Connecting the dots between all the departments, preventing bottlenecks, allowing [staff] to discuss trade-offs to be made between investments and timelines, that’s really where the Production App is empowering all of those clinical project leaders.
KP: The app was recently trialled by a large (unnamed) pharma company. How did the app help decrease manufacturing costs by €10.5m?
SC: In this case, we were working with a Top 10 pharma company, partnering with their CMC team. On top of standard production planning optimisation, we were trying to understand where there may be aspects that were reducing efficiency and increasing waste. One dimension that we identified was the lot size. This biopharma company used to always manufacture the drug substance within the same kind of lot sizing, systematically producing five litres of drug substance at a time.
We challenged this and advised that they input a range in our Production App between 4 to 5.5 litres. This allows for changes and variation from lot to lot as you often don’t need to supply the same amount over time.
That’s the magic of optimisation. We reduced waste by more than 5% by making sure that manufacturing quantities may be a bit more aligned with the clinical project’s needs along each step.

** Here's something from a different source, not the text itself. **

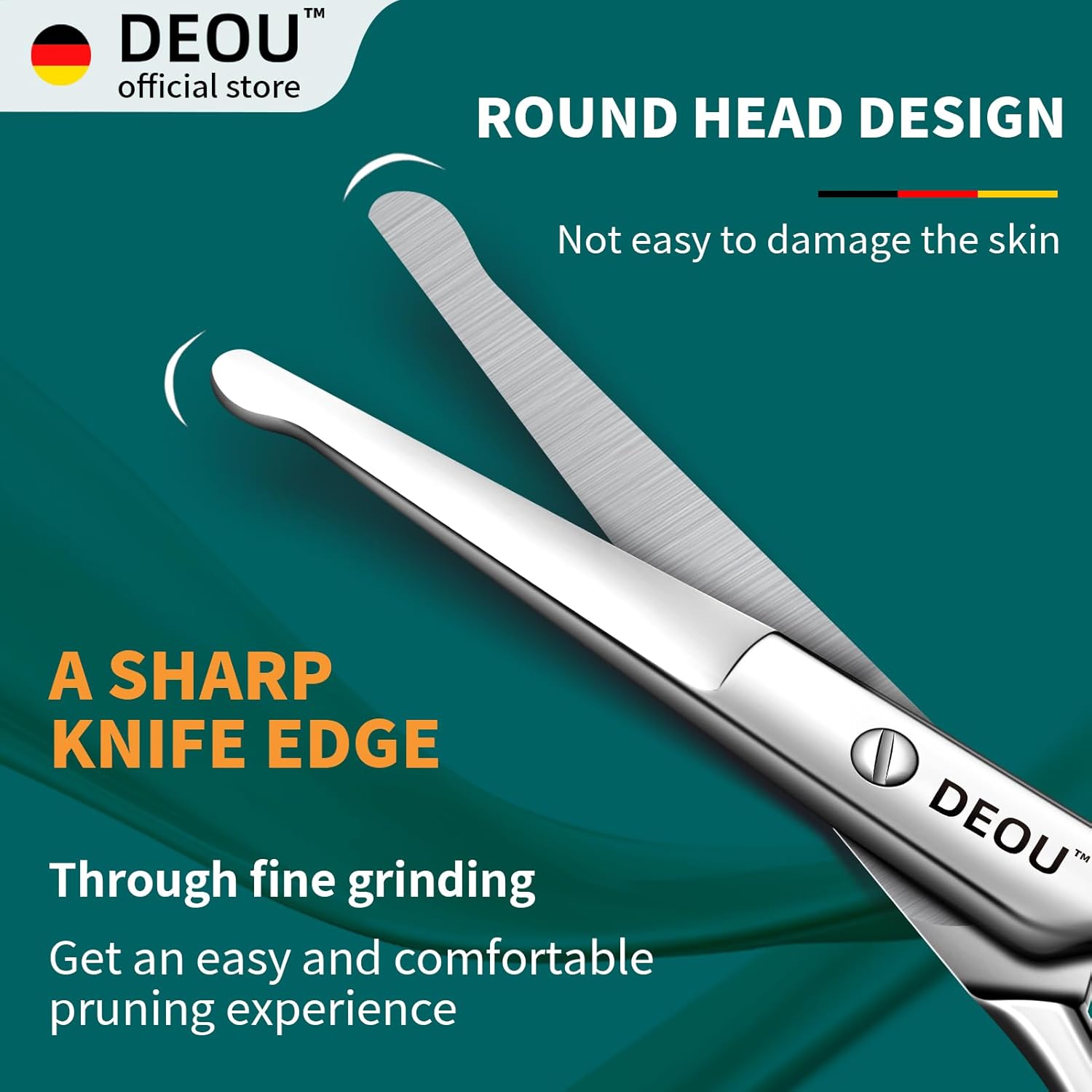 DEOU Silver Stainless Steel Round Nose Safety Scissors - Compact Facial Hair Trimming Tool for Men's Nose, Eyelashes, Eyebrows, Beard & Pet Grooming

Another example was about managing the stability plan of their drug candidate to extend its shelf-life. This pharma company’s standard was to assess the extension of shelf life by six months each time. Again we challenged this to advise they reduced the extension by three months at a time instead, to get some extra milestones in between. There was an extra cost as more assessments would be needed and more drug substance would need to be used for that purpose but there would be a benefit as they would be able to supply clinical trials with better shelf life. By challenging this company’s standard we were able to reduce waste again by an additional 5%, which was huge. Sometimes, you need to invest more upstream to benefit downstream.